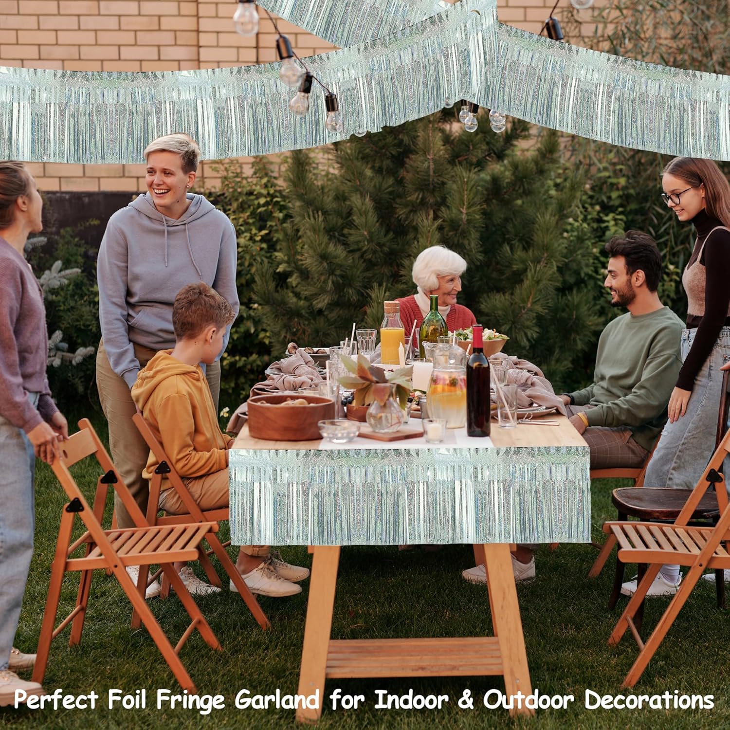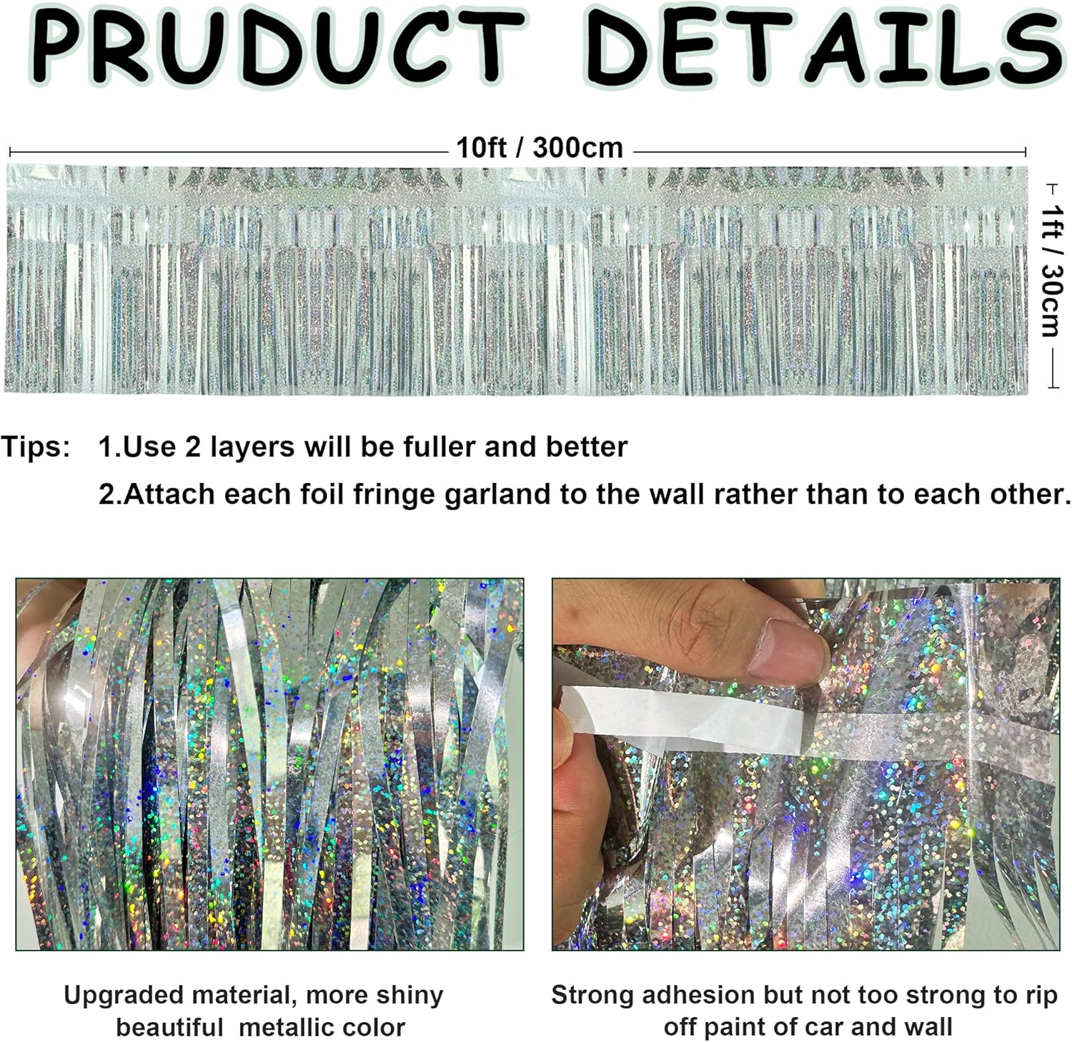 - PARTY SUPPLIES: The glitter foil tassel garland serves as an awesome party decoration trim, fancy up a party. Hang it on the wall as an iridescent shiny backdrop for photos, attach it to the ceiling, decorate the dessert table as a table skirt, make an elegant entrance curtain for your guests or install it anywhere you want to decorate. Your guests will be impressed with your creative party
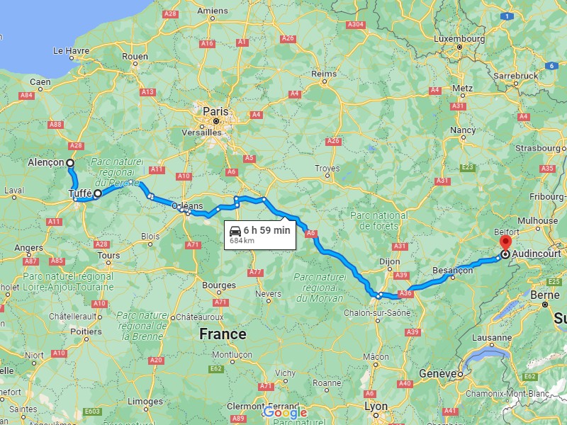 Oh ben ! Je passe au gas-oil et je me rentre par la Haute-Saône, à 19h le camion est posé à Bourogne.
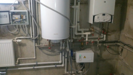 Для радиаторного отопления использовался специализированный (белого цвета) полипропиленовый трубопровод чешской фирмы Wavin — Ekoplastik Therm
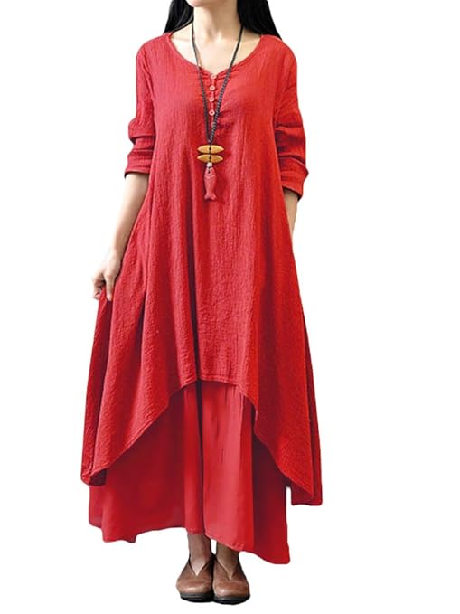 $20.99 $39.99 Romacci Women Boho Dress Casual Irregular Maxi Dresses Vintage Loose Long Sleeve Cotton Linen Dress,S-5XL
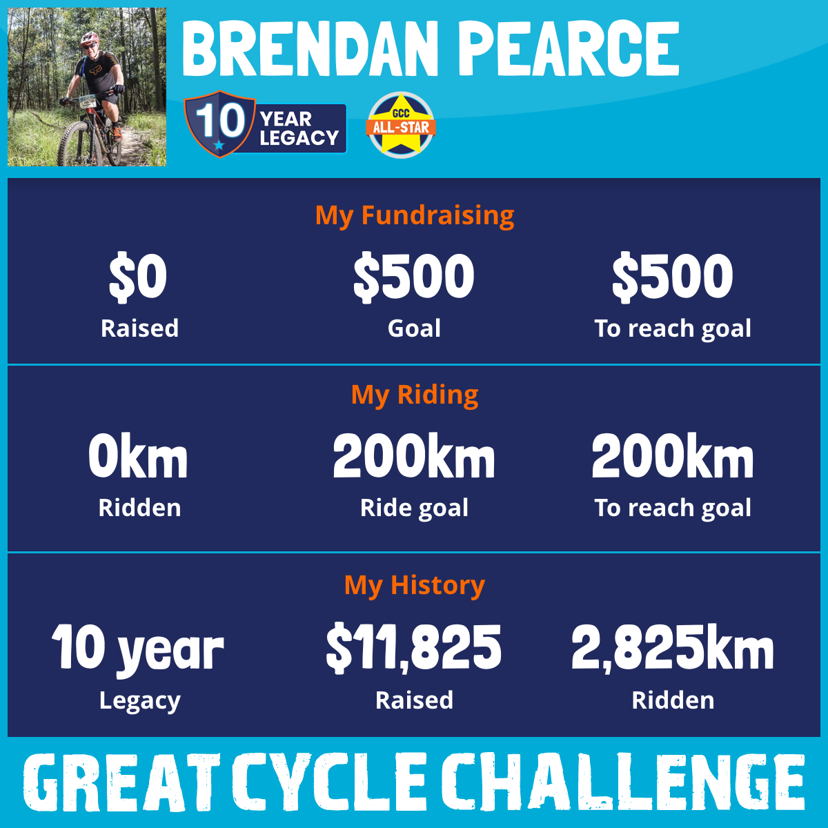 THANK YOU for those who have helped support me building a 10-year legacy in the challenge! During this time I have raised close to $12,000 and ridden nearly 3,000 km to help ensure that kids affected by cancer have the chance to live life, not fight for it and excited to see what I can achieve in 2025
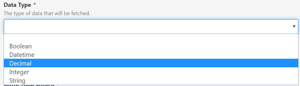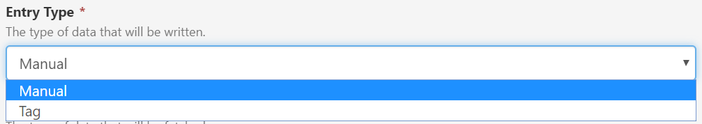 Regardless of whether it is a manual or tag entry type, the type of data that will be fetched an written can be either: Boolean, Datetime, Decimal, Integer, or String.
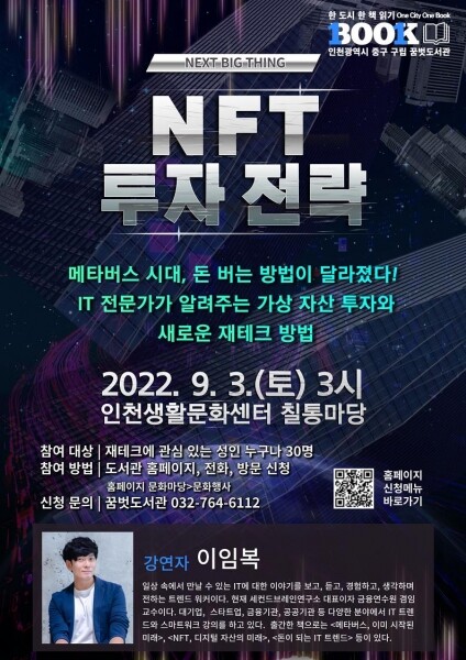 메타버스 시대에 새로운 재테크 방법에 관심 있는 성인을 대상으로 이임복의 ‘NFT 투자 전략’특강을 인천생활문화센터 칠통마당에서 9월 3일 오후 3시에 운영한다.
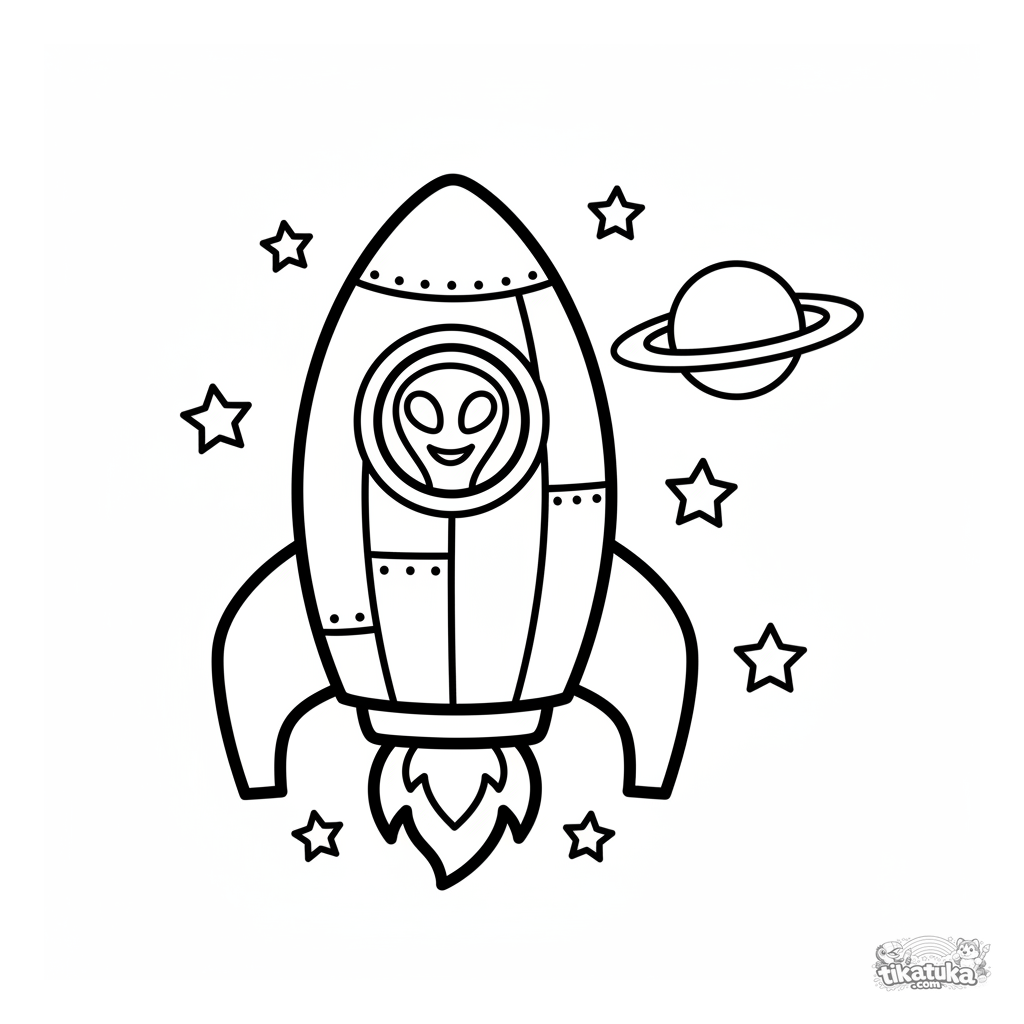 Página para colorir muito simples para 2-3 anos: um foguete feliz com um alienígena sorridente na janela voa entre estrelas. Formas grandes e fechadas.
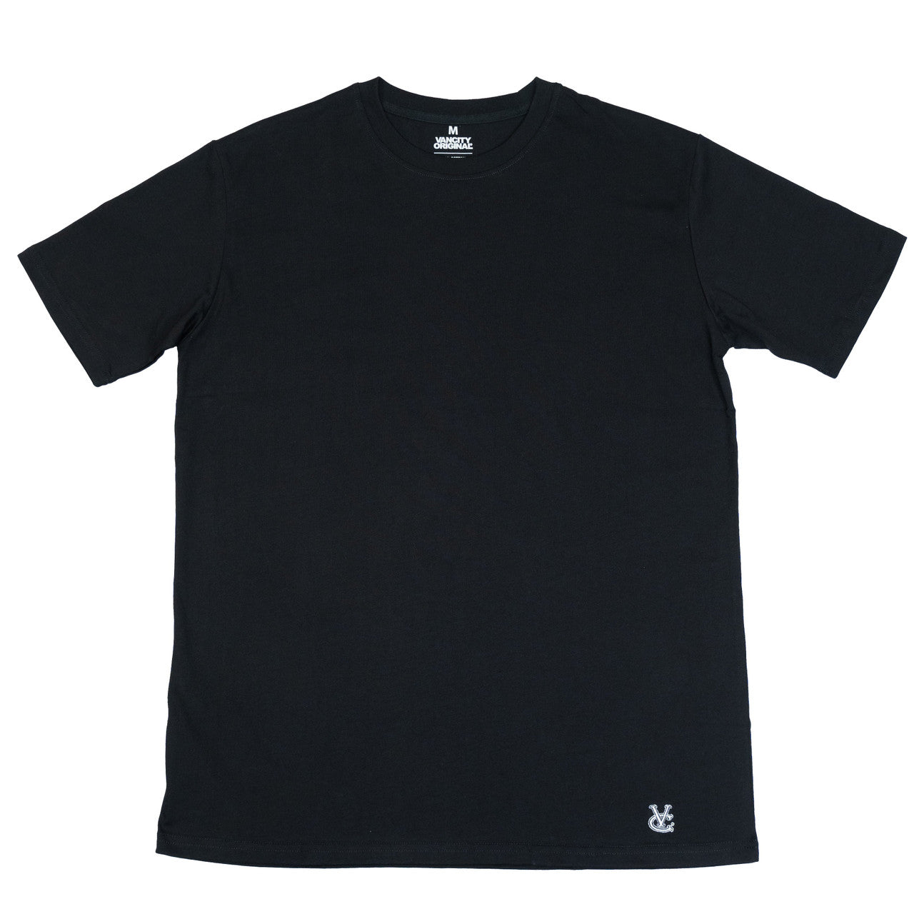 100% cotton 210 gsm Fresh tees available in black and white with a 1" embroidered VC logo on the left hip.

========

**WHAT THIS TASK INVOLVES:** Reproduce, exactly and only, the lines of the records above starting at the line with "Для радиаторного отопления" and ending at the line with "THANK YOU for", both included. Leave every picture out.

**RESPONSE TO THIS EXERCISE:**
 Для радиаторного отопления использовался специализированный (белого цвета) полипропиленовый трубопровод чешской фирмы Wavin — Ekoplastik Therm
 $20.99 $39.99 Romacci Women Boho Dress Casual Irregular Maxi Dresses Vintage Loose Long Sleeve Cotton Linen Dress,S-5XL
 THANK YOU for those who have helped support me building a 10-year legacy in the challenge! During this time I have raised close to $12,000 and ridden nearly 3,000 km to help ensure that kids affected by cancer have the chance to live life, not fight for it and excited to see what I can achieve in 2025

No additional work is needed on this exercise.